Close

Additions and consequences

A project log for PEAC Pisano with End-Around Carry algorithm

Add X to Y and Y to X, says the song. And carry on.

yann-guidon-ygdesYann Guidon / YGDES 08/07/2021 at 16:030 Comments

So the last log has demonstrated that ADD mixing is superior to XOR mixing (at least when the 33-bit result must be compacted into 16 bits).

XOR was favoured for a few reasons:

There is a theoretical kink though: using a XOR operator in an ADD space creates a sort of conflict because the "numbers" have different types. You can consider the evolution of the state of the registers as if you "walked" through the state space:

The backwards part has a big influence when mixing small values because the "teleportation" range will be small and there is a high risk of overwriting past values. ADD does not suffer from this : going "forward" in the state space ensures that small values will always have distinct effects on the state.

The meaning of the ADD and XOR results are very different, I don't know the right term but XOR operates in a Hamming space (where bits are somewhat independent) while ADD works in a magnitude space (the bits are combined to give one value). This is why the Hamming distance of a single bit flip doesn't propagate much during the first iterations (compared to a good CRC which will flip half of the bits whenever it can).

So it makes sense to remain in the same type of realm during the whole checksum.

Now, another addition in the datapath creates a new kind of challenge, because so far we had to deal with only 1 carry bit, and now there are two !

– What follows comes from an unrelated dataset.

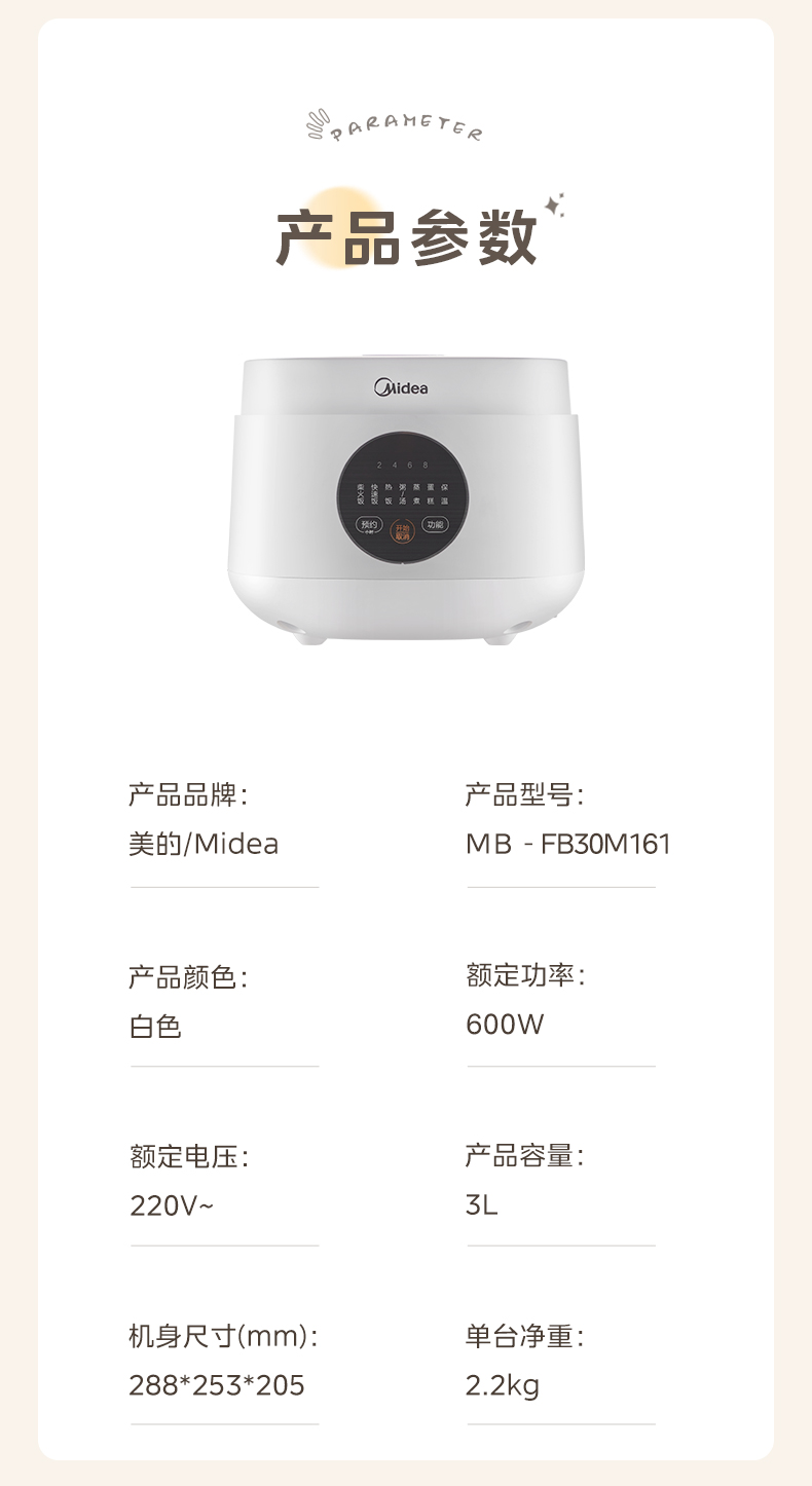 美的(Midea) 电饭煲 MB-FB30M161 容量3L 白色(单位:台)

Somehow it was not visible in the results because the source code handled it inherently well. Let's look at it

while (words) {
    C += X + Y;
    X = Y + *buffer;
    buffer++;
    Y = C & PISANO_MASK;
    C = C >> PISANO_WIDTH;
    words--;
}
  1. first line: C is expected to be 0 or 1, as the carry-in for the X+Y operation. Result of 0-FFFFh + 0-FFFFh is 0 to 1FFFEh.
  2. X becomes the sum of Y and the input datum. Note however that, unlike XOR, the sum's range become 0 to 1FFFEh, so there is a generated carry. XOR keeps the range within 0 to FFFFh.
  3. n/a
  4. Y now gets the lower part of the sum and range is back to 0 to FFFFh.
  5. C is re-normalised to 0 to 1, or at least that's what is intended.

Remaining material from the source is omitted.